Потом решили написать «Тарзана». Обратились опять к Орловскому, он принес какие-то наметки – и не пошло. Масштаб другой. Если в «Волке» может быть достаточно легкая, иллюстративная музыка, то здесь все-таки история любви, история родственных взаимоотношений. Тогда обратились к Владимиру Качесову, и он написал просто прекрасный материал. То есть иногда попадали в точку с композитором, а иногда приходилось через лабиринт проходить – или материал весь выбрасывать, или композитора менять.
Спектакль «Алые паруса» / фото Александр Иванишин
Недоросль: Теперь, видимо, будет по-другому? Ведь Геннадий Александрович был режиссером...

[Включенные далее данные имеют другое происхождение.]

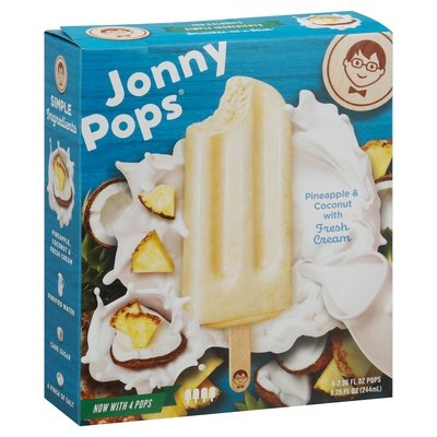 Pineapple & coconut with fresh cream. 100 calories. Gluten free. Peanut free facility. Now with 4 pops. Smoothie-on-a-stick. A Better Pop: The simpler the ingredients, the more delicious the pop. It's why we use a few wholesome ingredients - like fresh Midwest dairy - and blend small batches with care. It's as simple as that! For a Better World: In honor of our namesake, Jonathan, kindness is at the center of all we do. It's why you'll find a good deed printed on every stick. We believe sharing kindness through actions big and small is the best way to make the world a better place. Want to help? Share a JonnyPop and see what happens! Simple ingredients. A better pop for a better world! jonnypops.com. Let's chat! 651-243-0705. Chocolate Fudge. Strawberries & Bananas. Pineapple & Coconut. Mint Chocolate Dip. Summer Strawberries. Chocolate-Dipped Cherries. Raspberries & Blueberries. Root Beer Float. Mangos. Choco Latte. Chocolate- Dipped Strawberries. Made in U.S.A.
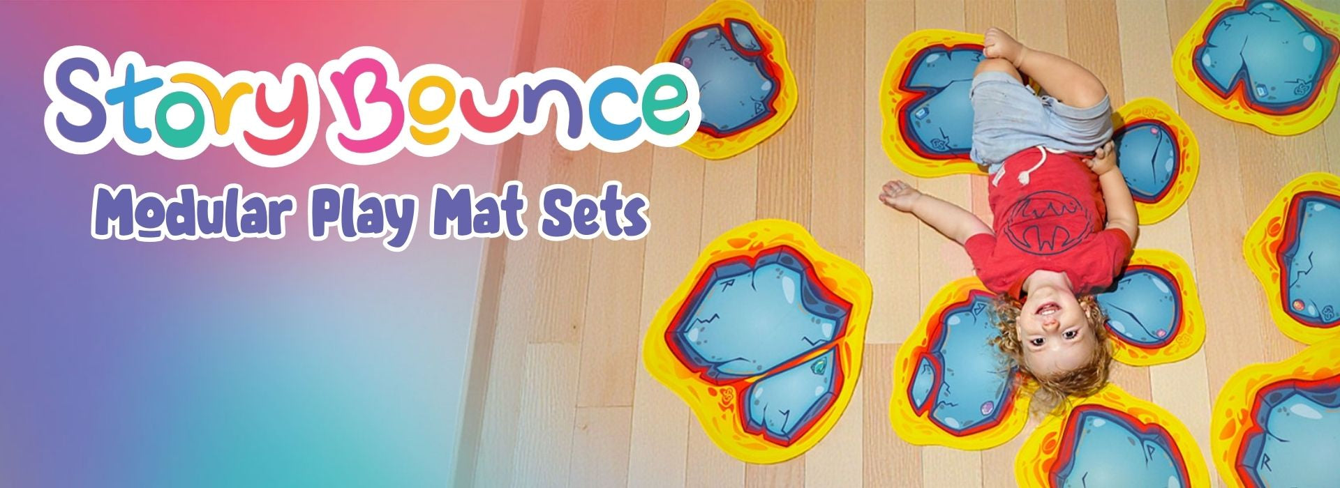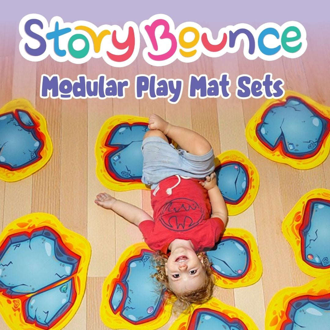 Story Bounce Play Mats are modular, flat movement tiles designed to create defined landing zones for active, imaginative play.
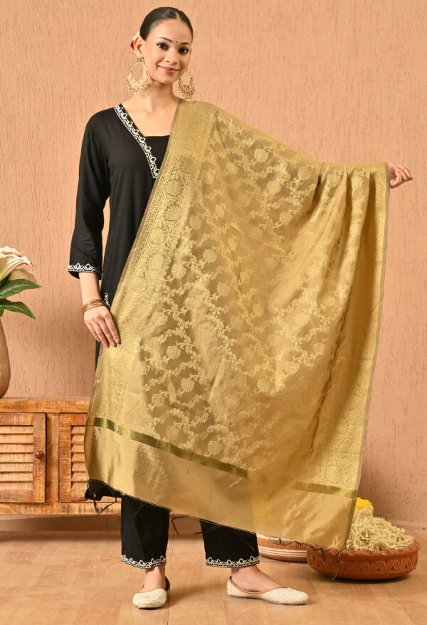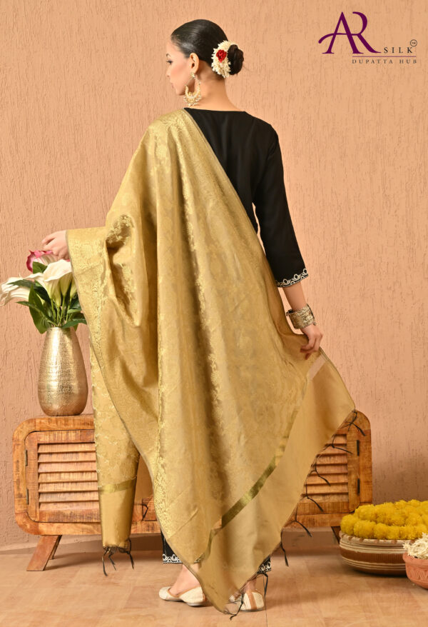 A R SILK DUPATTA HUB Women’s Golden Zari Work Banarasi Silk Dupatta/Chunni with floral Jaal design(ARS01142)
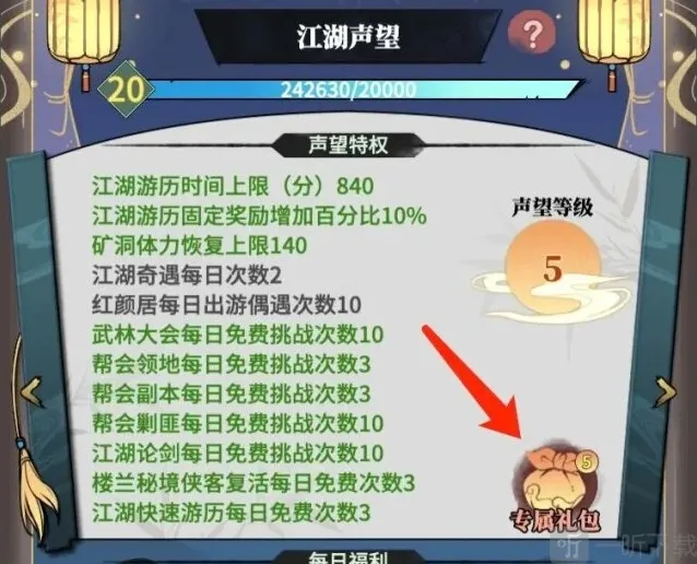 江湖声望5/10/15/20,专属礼包,可购买礼包,礼包内含掌门本体自选宝箱。
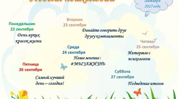 Читать дальшеС 22 по 27 сентября в школе проводиться «Неделя психологии 2025». Запланированные мероприятия направлены на […]
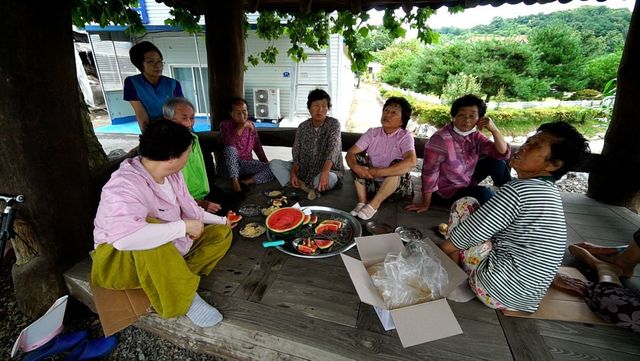 여전히 한여름, 사람들을 한데 모으는 동네 사랑방 역할 톡톡히 한다는 보물 나무.
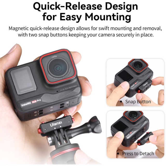 Magnetna podlaga za hitro snemanje Ulanzi IN-03 je ultratanka, lahka rešitev za pritrditev izbranih kamer Insta360, ki ima varen magnetni sistem za hitro snemanje, ki omogoča hitro pritrditev, enostavno odstranjevanje in nemoteno preklapljanje med 1/4"-20 in 2-prstnimi nosilci – idealno za nevidne 360° posnetke in ustvarjalce, ki so vedno na poti.
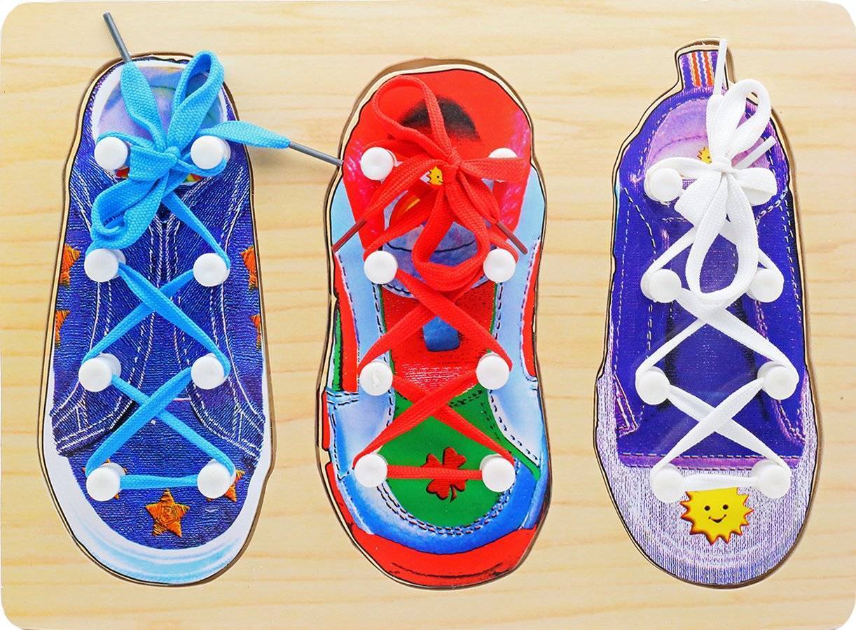 Знакомство с липучками можно начинать уже с полуторогодовалого возраста. Если у вашего карапуза это легко получается, то можете переходить к шнуркам.
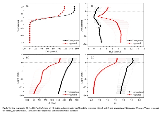 ? 數(shù)據(jù):植被區(qū)DO耗盡深度僅2.5 mm,Eh均值193 mV(vs.無植被區(qū)350 mV),pH降至6.84。
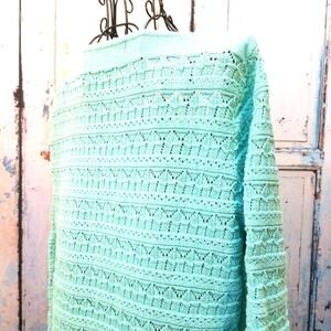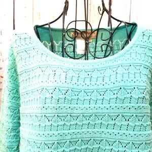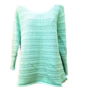 Norm Thompson Vintage Teal Blue Open Knit Sweater Size M Boho Light 3/4 Sleeve

Янковский: Если бы он меньше был режиссером, а были бы еще другие режиссеры, то Театру было бы лучше. Трудно сейчас сказать. Ведь и критики, которые приходили, говорили, все так замечательно, давайте чтобы другие режиссеры ставили, чтобы и артистам в разные стороны двигаться. Но Чихачев стоял намертво – нет, никогда. Это был минус. В том числе и для артистов – мы знали, что ждать от каждого. Сейчас все изменилось кардинально – приходит режиссер, который берется за какое-то название (это началось с «Дубровского»), я артистам даю полную волю, говорю – просто покажитесь, без тонкостей, хотите спеть Машу или Егоровну, пойте и то, и другое. Пришел режиссер, пришли Брейтбурги, и вся труппа показала все что они хотят. Настоящий кастинг внутри театра. Постановщики выбрали – и попали очень удачно. То же самое было с «Севастопольским вальсом» – Дружинин пересмотрел всех, и они пели народные песни, частушки, романсы, оперные арии, он смотрел по типажам, по характеристикам голосовым, он очень тонкий в понимании музыки. Мы с ним сошлись полностью в этом всем. И на мюзикле «Алые паруса» было также. Как мне кажется, режиссер Олег Ильин очень удачно провел кастинг. Но в этом принципе работы есть минус – может получиться, что разные режиссеры будут видеть одних и тех же. Но – они хорошие. Это справедливо. Никаких административных назначений. Не подошли одному режиссеру, другому, третьему, что я могу сделать – ничего. Ждите четвертого режиссера. Так что раньше было распределение. А сейчас, увидели тебя – твори, не увидели – жди.